Hope all is well with you and your families, and wishing ya a happy and successful New Year.


----------



## meat hunter (Dec 14, 2009)

And to you as well Richtee. A Merry Christmas and a happy, healthy and prosperous new year to your family and the rest of the SMF family.


----------



## mballi3011 (Dec 14, 2009)

Merry CHRISTMAS to all and I wish everyone here great smokes and always be near to the family it's just better that way.


----------



## pineywoods (Dec 14, 2009)

Rich I hope you and your family have a great Christmas as well!!


----------



## markmcrae (Dec 14, 2009)

Wishing everyone on the forum a very blessed Christmas and a safe and happy New Year.


----------



## schmoke (Dec 14, 2009)

Merry Christmas to all - And to all a good smoke!


----------



## rivet (Dec 14, 2009)

Thank you Richtee~ My best to you and yours this Christmas and hope that 2010 brings you the best!


----------



## cruizer (Dec 14, 2009)

*Merry Christmas to all the members and their families. And a special Merry Christmas to all that are protecting us or have in the past.
	

	
	
		
		



		
		
	


	



*


----------



## the iceman (Dec 14, 2009)

MERRY CHRISTMAS to all!!!

And here is an old Christmas standard just to get you in the mood...


----------



## evo 9 guy (Dec 14, 2009)

Merry X-mas and Happy New Year to all.
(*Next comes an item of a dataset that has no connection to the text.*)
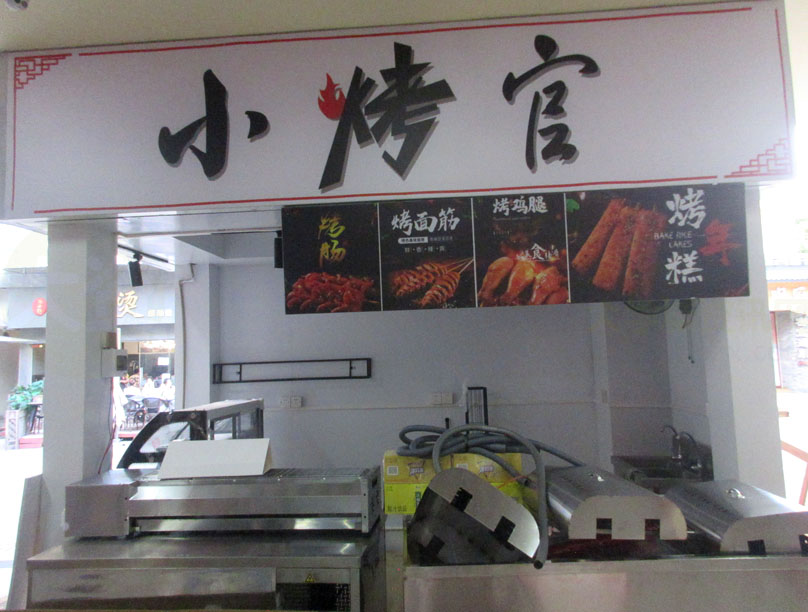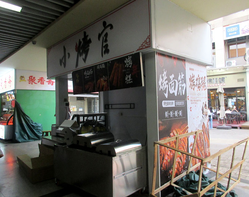 商中A区西门直廊道中-原丝袜奶茶铺位已看到新装的小吃店叫小烤官

Keep up the great smokes and keep it safe!


----------



## oneshot (Dec 14, 2009)

I hope everyone has a very MERRY CHRISTMAS and a HAPPY NEW YEAR!!!
May all yer smoke be Blue....


----------



## beer-b-q (Dec 14, 2009)




----------



## alx (Dec 15, 2009)

Thanks RICH.I will be seeing you my friend.Have a happy christmas and the new year.........


----------



## ddave (Dec 15, 2009)

Merry Christmas to you and yours to everyone at Smoking Meat Forums. 
	

	
	
		
		



		
		
	


	





Dave


----------



## bassman (Dec 15, 2009)

Merry Christmas to you as well, Rich.


----------



## chefrob (Dec 15, 2009)

merry x-mas to all!


----------



## treegje (Dec 15, 2009)

We wish you all a merry Christmas and a Happy New Year.
That, for all forum members,It a prosperous 2010 may be 
A good health, and many bbq/smoke pleasure
That everyone's dream may come truth in 2010


----------



## desertlites (Dec 16, 2009)

Merry Christmas to you and yours also Rich-and to all the SMF family.Be safe all.


----------



## the dude abides (Dec 16, 2009)

Thank you and Merry Christmas and Happy New Year to you and your's also.  It's got to be better than last year.


----------



## scarbelly (Dec 16, 2009)

Merry Christmas to everyone and a Happy New Year too


----------



## bigtrain74 (Dec 16, 2009)

Merry Chirstmas and God Bless!


----------